For now, we’ve decided it’s sufficient to give the user a single checkbox labelled “disable automatic stemming”, that will effect their entire search. And we’ve decided to put it on our “advanced search” page, accessible via a “more search options” link, rather than on every search box.

It’s helpful to start with a basic idea of how we’ll make this happen at the Solr level. As we mentioned, a normal search searches over Solr fields with stemming analysis. To turn off stemming, we simply need to instead search over fields that contain the same data, but without stemming analysis in their solr field definitions.  In my Solr/Blacklight, I actually already have these fields in place — I use them to boost matches on unstemmed terms higher than matches on stemmed terms, using Solr dismax qf/pf boosts.

These un-stemmed fields are defined with this Solr schema definition.  I use copyField statements in my schema.xml to have the indexer only have to write to the stemmed version of the field, but have the input automatically copied into the unstemmed version at index time.
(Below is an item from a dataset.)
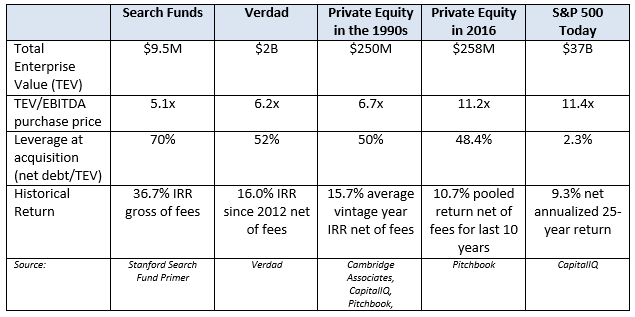 When you stare at these numbers, we hope that you see the same pattern we do: the lower the purchase price and the higher the leverage levels, the better the returns. We think private equity worked so well in the 1980s and 1990s — and the reason search funds are working so well today —because of these quantitative differences.

For instance, <copyField source="title_t" dest="title_unstem"/>.

We’ll get into more details later of how we make that ‘unstemmed’ search happen in our app, but first we’ll dive into adding the interface elements alone to our app.
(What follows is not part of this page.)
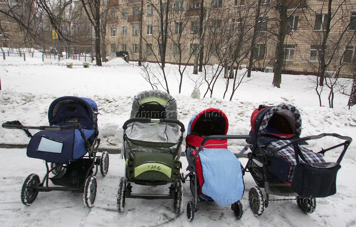 Several baby carriages stand in the yard in front of a living house.

Adding checkbox to advanced search form

We’re going to have our app support a new URL parameter: When &unstemmed_search=1 (or really =anything) is present in the URL, we’ll make it an unstemmed search, when the param isn’t present at all, it’ll be a normal search.

We want to add a checkbox to control this to our ‘more search options’ page provided by the Blacklight advanced search plugin. 
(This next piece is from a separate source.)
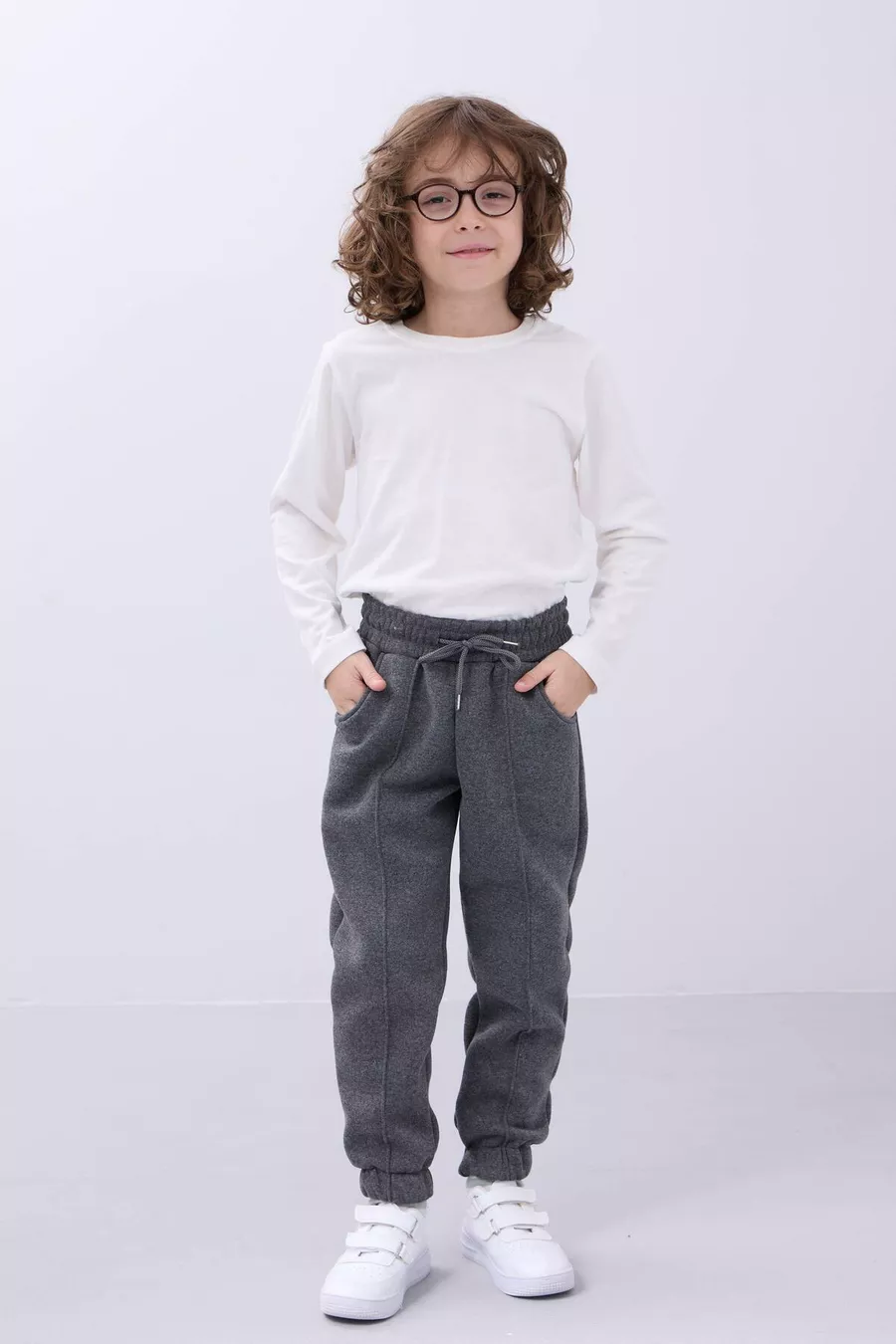 Elastic, Lined, Pocketed, Comfortable Unisex Kids Sweatpants Anthracite

To locally customize this form, we’ll copy the view from the plugin into our local app. (It is a bit much to copy this whole form with lots of layout and logic we don’t want to change, just to add this checkbox. Doing so will ‘freeze’ this into our application, even if the plugin itself improves things in the future. However, later, not as part of this walk-through, we here are going to want to make even more changes to this form, so we dont’ mind).

Copy the file from the blacklight advanced search plugin’s app/views/advanced/_advanced_search_form.html.erb into our a new file in our local application’s root directory app/views/advanced/_advanced_search_form.html.erb. Creating the intermediate “advanced” directory if needed.   Now the file we copied will be used by the running app in preference to the one that comes with the adv search plugin.

And now we add our checkbox to it, wherever we want it to appear in the form, saying it should show up as checked whenever “unstemmed_search” appears in the current request params, and when checked and the form is submitted, should add unstemmed_search=1 to the request.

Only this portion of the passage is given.